We rely on a systematic Reed-Solomon (RS) coding scheme as a building block to design the storage space of our proposed memory system. In particular, the storage space consists of 16 memory banks<sup>3</sup> with 8 memory banks serving as the data banks and the remaining 8 banks serving as the parity banks (cf. Section 2.2.2). As detailed later in this subsection, the parity banks are generated using a systematic (6,4) RS code which is defined over a finite field of size  $2^8$ , denoted by  $GF(2^8)$ . In any codeword of this systematic (6,4) RS code, it's possible to generate all 4 associated message symbols given any 4 symbols of the codeword.

Before we describe the process of generating the parity blocks, we discuss the reasons behind employing RS codes as opposed to other possible coding schemes. First, RS codes are MDS codes (cf. Section 2.2.1), i.e., these codes are optimal in terms of their storage efficiency. Additionally, decades of study has lead to efficient encoding and decoding schemes for RS codes. Crucially, these schemes can be easily *hardcoded* 

into the memory controller in order to achieve good runtime performance. Finally, RS codes have been proven to be useful in previous work on distributed storage, both in theory and in practice [38, 32, 10]. In fact, (14, 10)-RS code is used in production at Facebook in their HDFS-RAID system [32]. This makes these codes a natural starting point for our dense memory storage architecture.

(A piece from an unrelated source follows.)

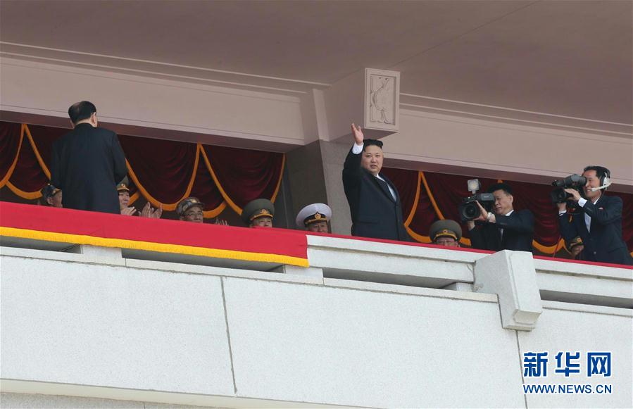 4月15日,在朝鲜首都平壤,朝鲜最高领导人金正恩(前中)向参加群众游行的平壤市民挥手致意。朝鲜15日在平壤举行纪念金日成诞辰105周年的阅兵式和群众游行,并展示了朝鲜最先进的导弹装备。新华社记者朱龙川摄
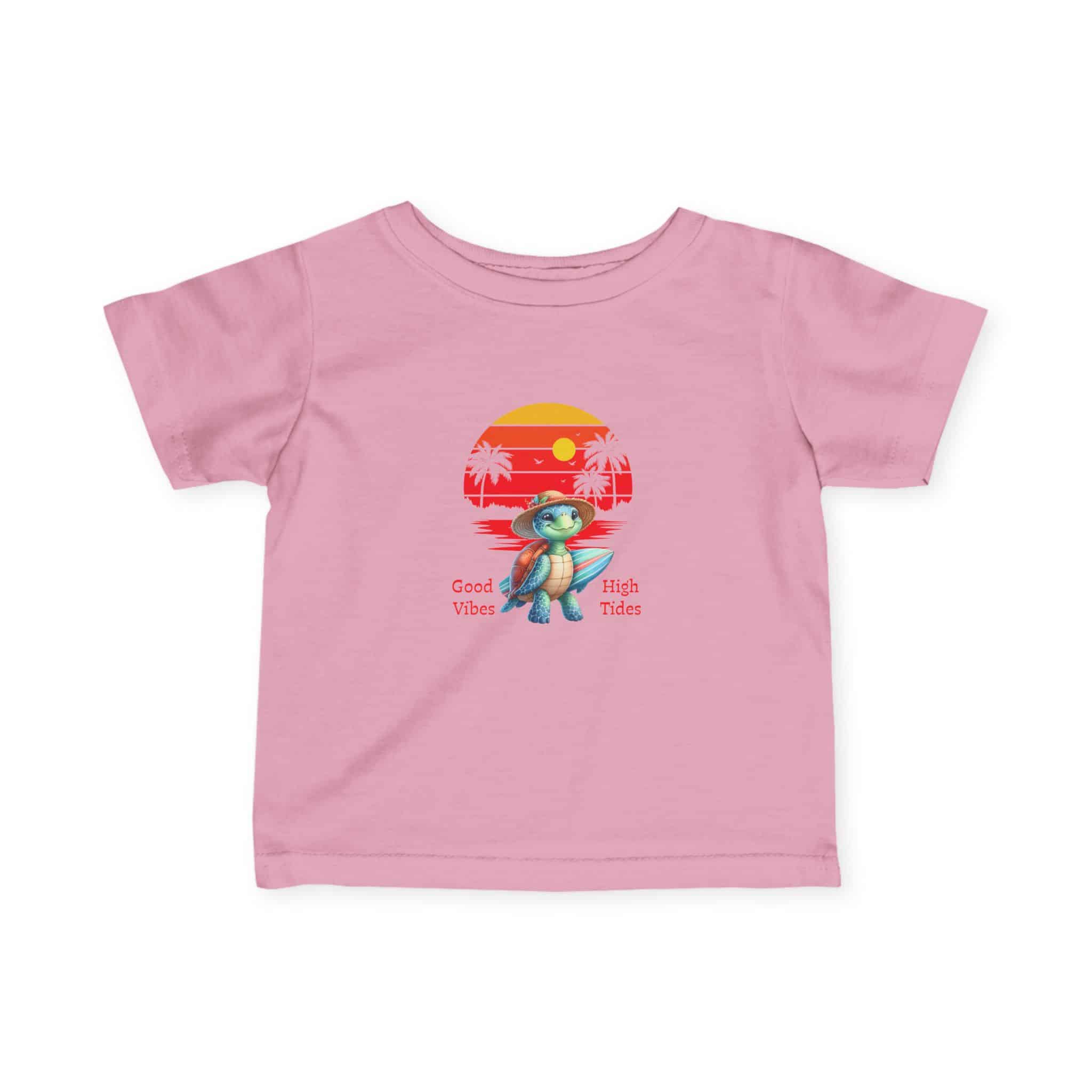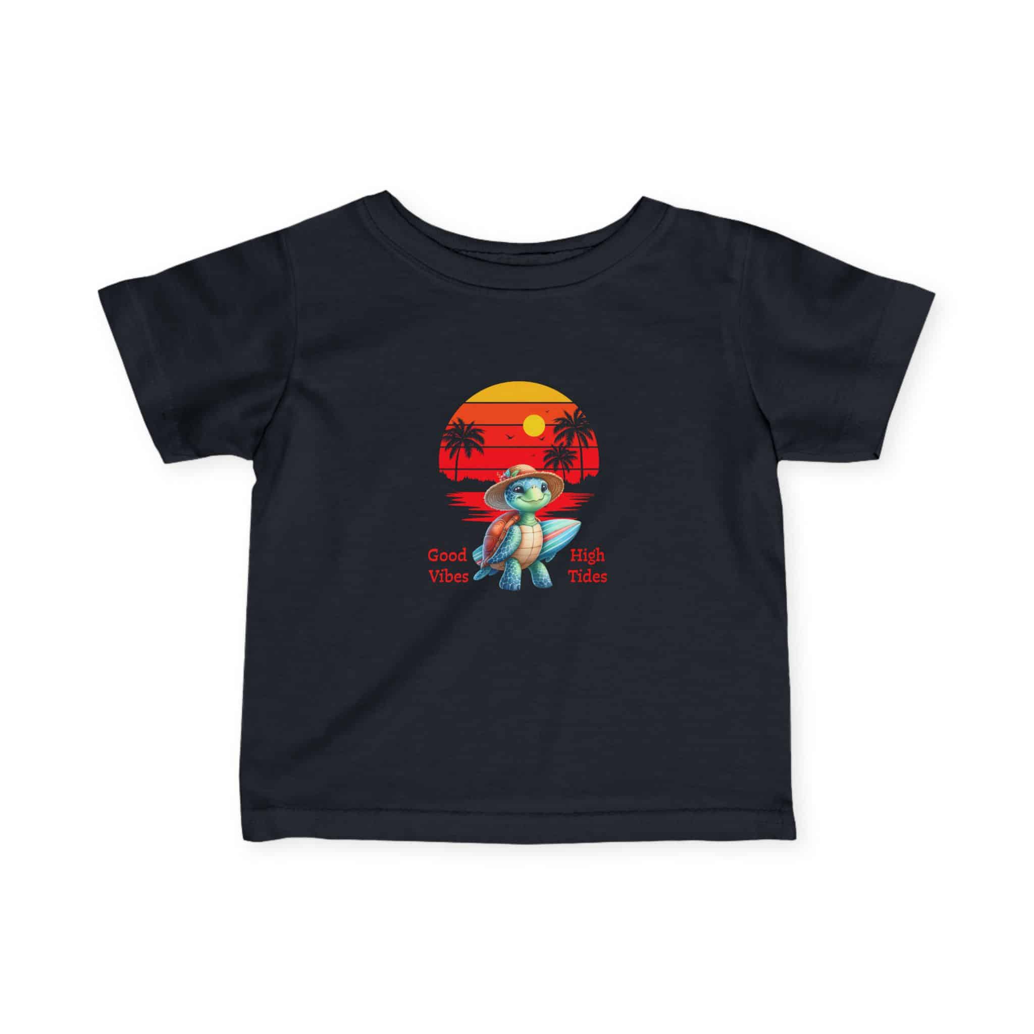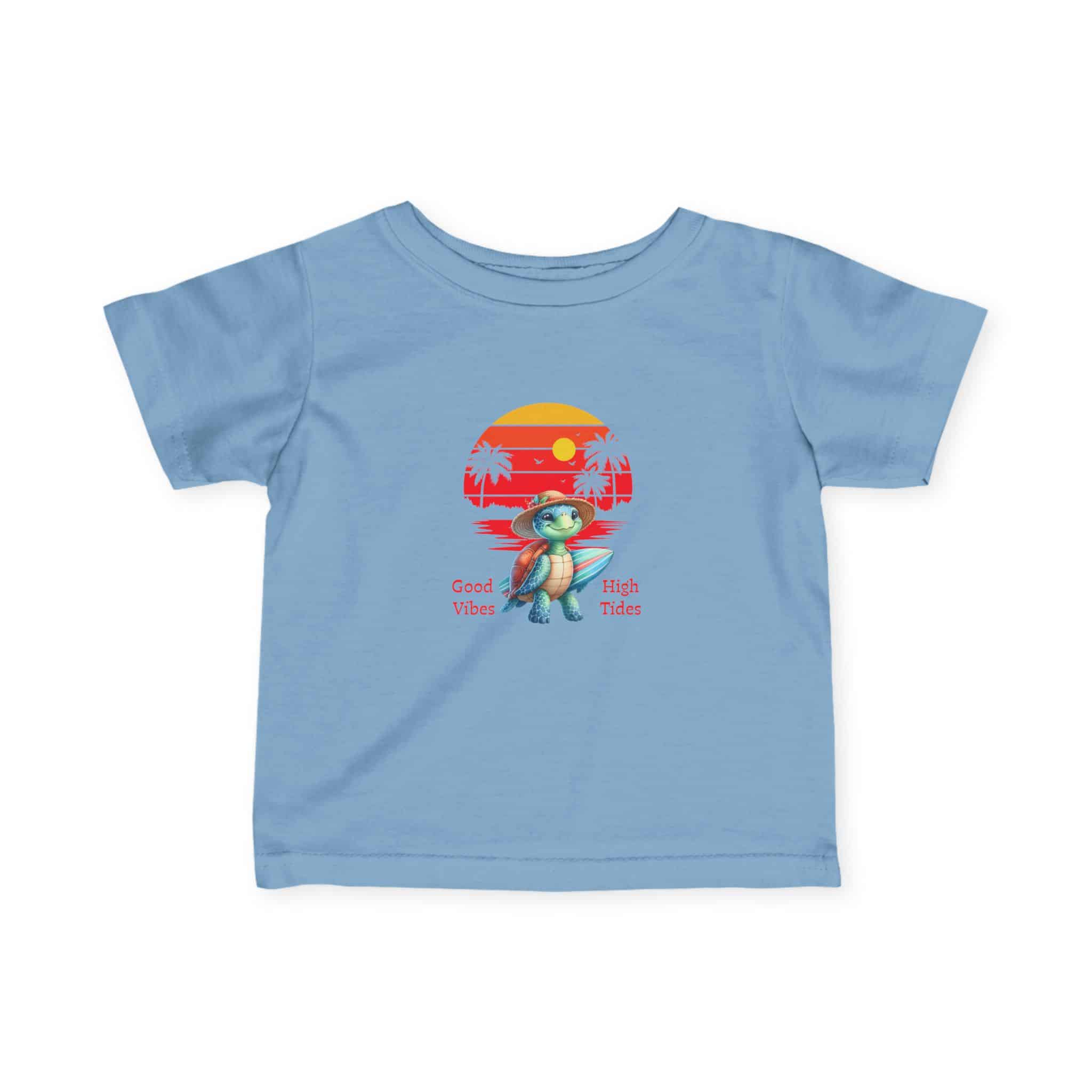 Soft, lightweight tee designed for little ones who love bright, playful days. The shirt features a small, retro-sunset graphic with a cheerful turtle and palm silhouettes, giving it a sunny, coastal vibe that pairs naturally with playtime and family outings. The classic fit and smooth, strong fabric keep the tee looking neat after repeated washes, while the elastic ribbed collar and shoulder tape help it hold shape through tumbles and adventures. Breathable and gentle on delicate skin, this tee settles into everyday wear — from park mornings to lazy beach afternoons — and carries a relaxed, happy energy that families will reach for again and again.

We now describe the detailed design of the storage space of our proposed memory system. Let the underlying systematic (6,4) RS code map 4 message symbols  $u,v,w,x \in GF(2^8)$  to a codeword containing 6 symbols

$$(u, v, w, x, f(u, v, w, x), g(u, v, w, x)) \in GF(2^8)^6,$$

where  $f,g: GF(2^8)^4 \rightarrow GF(2^8)$  are two linear maps. We arrange the information in 8 data banks  $B0,B1,\ldots,B7$  as shown in Figure 6. The parity banks  $P0,P1,\ldots,P7$  then store the parity symbol which are generated according to the (6,4) RS code described above<sup>4</sup>. In particular, the first two parity banks P0 and P1 store the parity symbols that are functions of the information stored in the first four data banks B0,B1,B2, and B3. Note that this implies that the symbols stored on the same row address of the six banks  $\{B0,\ldots,B3,P0,P1\}$  form codewords of the underlying  $\{6,4\}$  RS code. Similarly, the parity symbols generated from the remaining four data banks B4,B5,B6, and B7 are stored in the parity banks P2 and P3.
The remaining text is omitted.